##### LISTED RECORDS #####
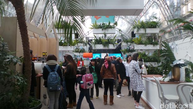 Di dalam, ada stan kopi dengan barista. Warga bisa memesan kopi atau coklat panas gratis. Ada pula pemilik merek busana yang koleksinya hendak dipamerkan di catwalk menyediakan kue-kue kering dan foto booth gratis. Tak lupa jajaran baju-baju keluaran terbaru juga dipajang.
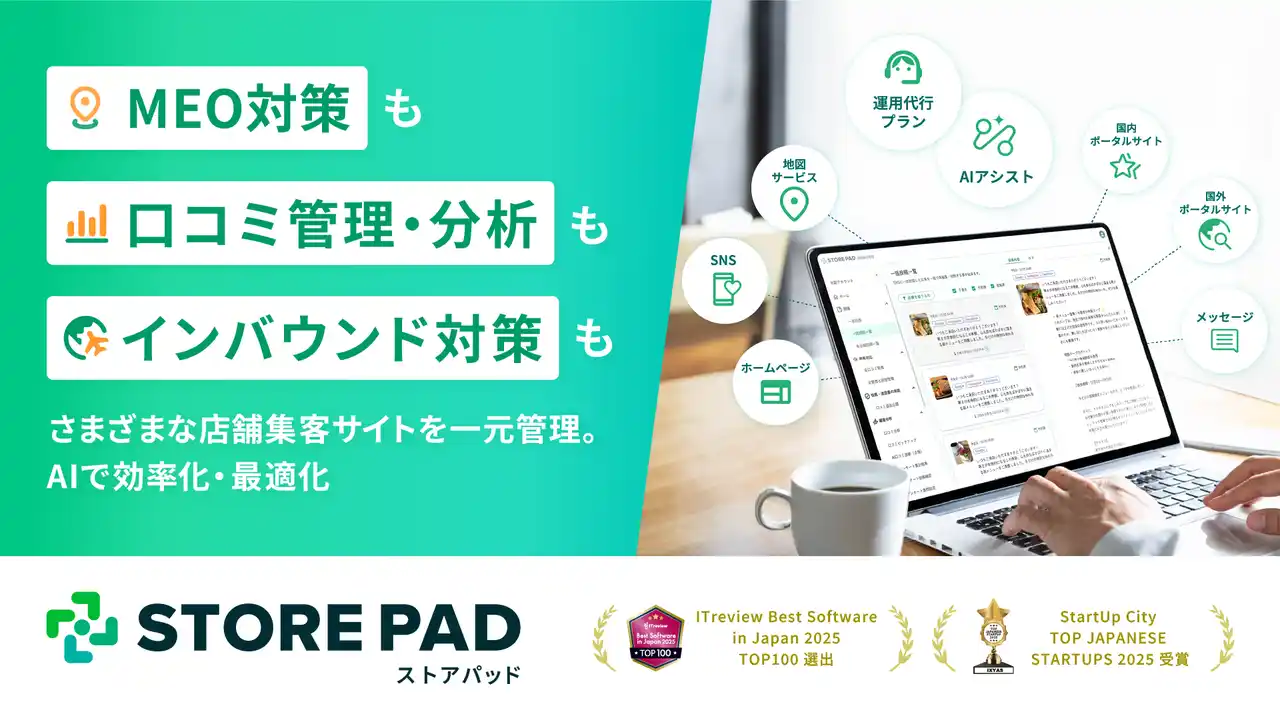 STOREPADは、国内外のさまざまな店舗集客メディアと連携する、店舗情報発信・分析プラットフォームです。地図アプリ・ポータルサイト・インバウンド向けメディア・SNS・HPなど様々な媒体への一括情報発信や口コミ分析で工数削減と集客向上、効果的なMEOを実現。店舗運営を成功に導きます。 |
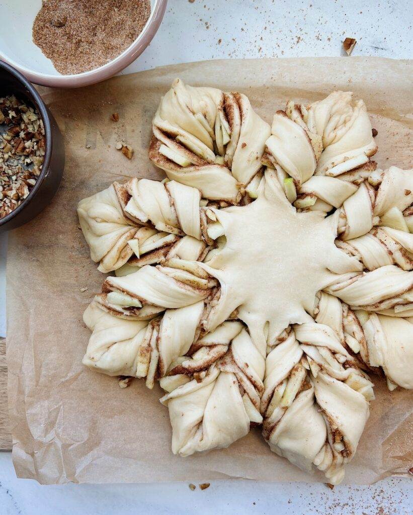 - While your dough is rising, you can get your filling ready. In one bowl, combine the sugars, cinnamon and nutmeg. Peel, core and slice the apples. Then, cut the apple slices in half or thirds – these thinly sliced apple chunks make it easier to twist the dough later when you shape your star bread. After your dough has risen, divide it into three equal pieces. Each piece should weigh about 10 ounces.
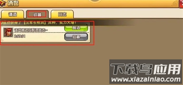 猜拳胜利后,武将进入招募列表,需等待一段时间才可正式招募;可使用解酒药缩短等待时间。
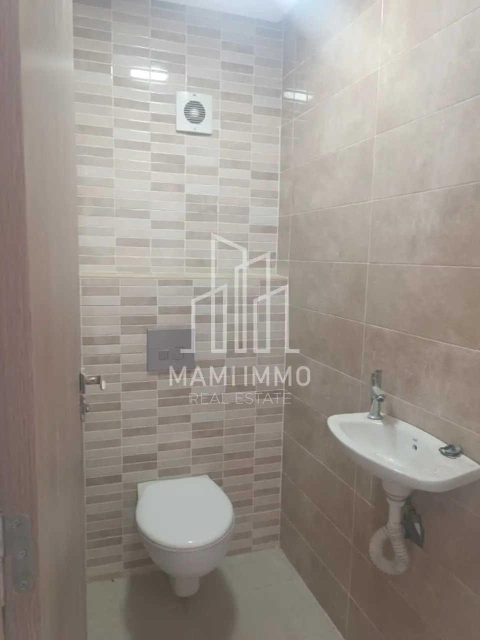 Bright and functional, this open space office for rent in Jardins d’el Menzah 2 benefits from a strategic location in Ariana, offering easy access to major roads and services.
#####
» **EXERCISE REQUIREMENTS**
Pictures stay out; reproduce exactly the lines from the one containing "猜拳胜利后,武将进入招募列表" through the end of the data.

» **OUTPUT FOR THIS TASK**
 猜拳胜利后,武将进入招募列表,需等待一段时间才可正式招募;可使用解酒药缩短等待时间。
 Bright and functional, this open space office for rent in Jardins d’el Menzah 2 benefits from a strategic location in Ariana, offering easy access to major roads and services.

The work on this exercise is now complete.